XVIII Edición

Curso 2021 - 2022

Alejandro Quintana

El salto 

Santiago Pacheco, 16 años

Colegio El Vedat (Valencia)

Se agarró lo más fuerte que pudo a la espaldera. La clase entera coreaba su nombre mientras él hacía todo lo que podía por no mirar hacia abajo. Debía saltar y agarrarse a la escalera, colocada horizontalmente a unos tres metros de altura. Pero no podía… Sus brazos, encaramados a la decimosexta barra de madera, no atendían a razones. 

El profesor consultaba el cronómetro, que parecía que contase los segundos de tres en tres, disminuyendo la calificación de Alex, a punto de perder esas décimas que tanto necesitaba. Pero, al fin, reunió el valor suficiente y saltó. 

Su corazón no había latido tan fuerte en sus doce años de vida. Parecía un metrónomo que marcaba compases en los que su respiración se acompasaba a sus rápidos latidos. Notó la barra de metal de la escalera de mano. Se encontraba bastante alto.

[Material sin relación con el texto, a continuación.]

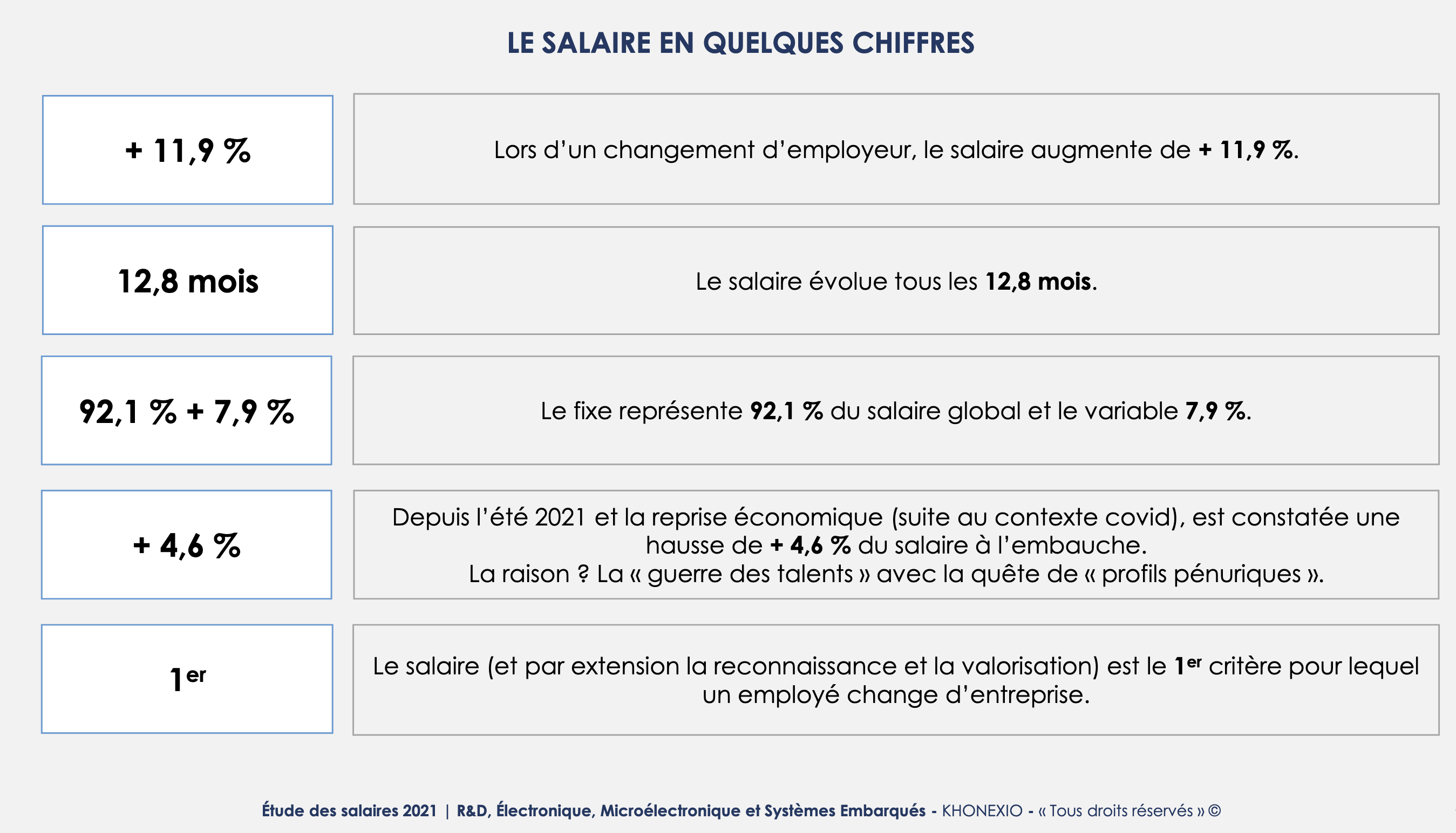 Le salaire à l'embauche a augmenté de 4,6% depuis l'été 2021 dans l’électronique et l'embarquéRecruteur spécialisé dans l’électronique et les systèmes embarqués au sein du cabinet Khonexio, David Hourdebaigt publie la seconde édition de l’enquête sur les salaires dans le domaine de l’électronique et des systèmes embarqués. Celle-ci repose sur un panel de 19 461 diplômés d’études supérieures interrogés entre le 4 octobre et le 10 décembre 2021. Avec des profils s'étageant entre l’ingénieur et le directeur, avec des formations de niveau bac+5 et au-delà. Même si la sélection est orientée en fonction des demandes des entreprises clientes du cabinet, la plupart des disciplines de l’électronique et des systèmes embarqués ont été ici analysées, avec cependant une double réserve. Les techniciens (niveaux bac +2 ou +3) dans ces domaines ne sont pas représentés, tout comme la population des ingénieurs ayant plus de 25 années d’expérience. Cette synthèse se veut néanmoins un reflet le plus objectif possible d’une moyenne du marché. Dans le document publié par David Hourdebaigt, la donnée “salaire” est exprimée en euros bruts annuels et prend en compte la part fixe et la part variable (participation, intéressement…) de la rémunération. L’enquête a été conduite dans une logique de type carrière (ingénieur - chef de projet - manager/directeur) et l’évolution des salaires a ensuite été calculée sur des durées moyennes de parcours professionnels (5,5 ans pour les ingénieurs, 7,9 ans pour les chefs de projet, etc.). Et ce pour une série de 13 expertises métier en électronique (conception analogique, numérique, puissance, FPGA…) et 13 en systèmes embarqués (C embarqué, Linux C++/Qt, traitement du signal, test et validation, sûreté de fonctionnement…). Les résultats présentés sur 17 pages permettent aussi de se faire une idée sur les différences de salaires entre la région parisienne et le reste de la France, estimées à environ 14% pour un profil d’ingénieur identique, ainsi que sur les différences constatées entre les domaines applicatifs (automobile, aéronautique, médical, ferroviaire…). Le secteur de la Défense est celui qui est le plus rémunérateur sur le marché, constate notamment l’enquête. Le document écrit par David Hourdebaigt est accessible ici.

No tuvo tiempo de calcular la caída cuando se le soltó una mano. Un dolor terrible le azotó la otra, que permanecía firme. Se escucharon suspiros y los nervios se acrecentaron en el tatami, pero sin llegar a la tensión que vivía Alex en la escalera. El muchacho consideraba de qué forma iba a caer, cuando un hervor le nació de dentro, trayéndole una fuerza inesperada le animaba a seguir con coraje. 

Alex levantó el brazo y se agarró al siguiente barrote, con un ímpetu desconocido. Avanzó hasta que llegó al último paso, una escalera de mano, esta vez colocada en horizontal, de la que tenía que brincar para caer en una colchoneta.

–¿No podría bajar peldaño a peldaño? –preguntó.

–No –le dijo con firmeza el profesor–. Desde el séptimo peldaño y con voltereta, te pongo un diez. Sin ella, el máximo serán ocho puntos.

Enfurecido, Alex miró al profesor de Educación física, que no apartaba la mirada de su hoja de notas y del cronómetro deportivo. 

Alex no era un chico de físico atlético, pero necesitaba aprobar aquel examen. Empapado en sudor, dudó. Sus compañeros le miraban desde abajo. Vio que la colchoneta verde ya no le parecía tan grande. Sus manos perdieron la presión que ejercían sobre las barras de la escalera, sus pies giraron ciento ochenta grados y lentamente los despegó de las escaleras. 

Notó la sangre en la cabeza, el aire en el pelo, y un silbido en los oídos. El salto se convirtió en un triunfo, del que el mundo nunca se enteró porque quedó encerrado en la intimidad de las cuatro paredes del gimnasio.